Al-Murphy / MungeSumstats

Rapid standardisation and quality control of GWAS or QTL summary statistics
https://doi.org/doi:10.18129/B9.bioc.MungeSumstats
75 stars 16 forks source link

ValueError: Improperly formatted sumstats file: #187

Closed AndreaG5 closed 3 months ago

AndreaG5 commented 3 months ago

1. Bug description

Hi,

thank you for the tool. I am currently struggling with usage of ldsc.py with sumstats derived from your R library. I took sumstats from GWAS catalog, and treat one sumstats as it was and another adding a column using awk. I am able to run format_sumstats() just specifying genome build and output directories - I got no error/warning.
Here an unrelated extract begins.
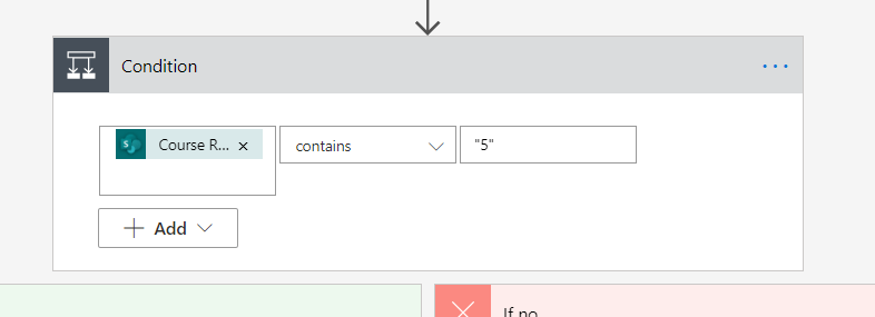 4.) Let’s start with the condition box. This example will use a condition of the course rating of a new List item and base it upon the highest rating. In other words, what happens after will depend upon how the attendee scored the course and whether the course was rated 5 or not. Note, it is very important to add “” around the 5 otherwise the flow may not work

When I try using sumstats outputted by the fuction directly to ldsc.py --h2 I got error in the title:

Console output

Total time elapsed: 0.01s
Traceback (most recent call last):
  File "ldsc/ldsc.py", line 644, in <module>
    sumstats.estimate_h2(args, log)
  File "./ldsc/ldscore/sumstats.py", line 326, in estimate_h2
    args, log, args.h2)
  File "./ldsc/ldscore/sumstats.py", line 242, in _read_ld_sumstats
    sumstats = _read_sumstats(args, log, fh, alleles=alleles, dropna=dropna)
  File "./ldsc/ldscore/sumstats.py", line 163, in _read_sumstats
    sumstats = ps.sumstats(fh, alleles=alleles, dropna=dropna)
  File "./ldsc/ldscore/parse.py", line 91, in sumstats
    raise ValueError('Improperly formatted sumstats file: ' + str(e.args))
ValueError: Improperly formatted sumstats file: ('Usecols do not match names.',)

Honestly I don't know where the error is. File is tab sep, colnames matches input of LDSC. I tried keeping just one signed_stats column but did not work. I saw from the wiki that the ouptput can be used directly into ldsc function but I am not able to.

Do you have any suggestion about it? is it a known problem? (I'll be able to provide scripts, but not at the moment).

Thank you so much!

Al-Murphy commented 3 months ago

Hi, happy to help but I need more information to do so - can you let me know the version of mungesumstats you are using and the code you ran (and the console log output). There is a parameter to set to ensure the output is a valid format for ldsc (save_format='LDSC'), did you use this?

Thanks, Alan.

AndreaG5 commented 3 months ago

Oh I am so sorry, I was sure I put it in the argument list. My bad. Everything worked fine, thank you so much, sorry for the mistake!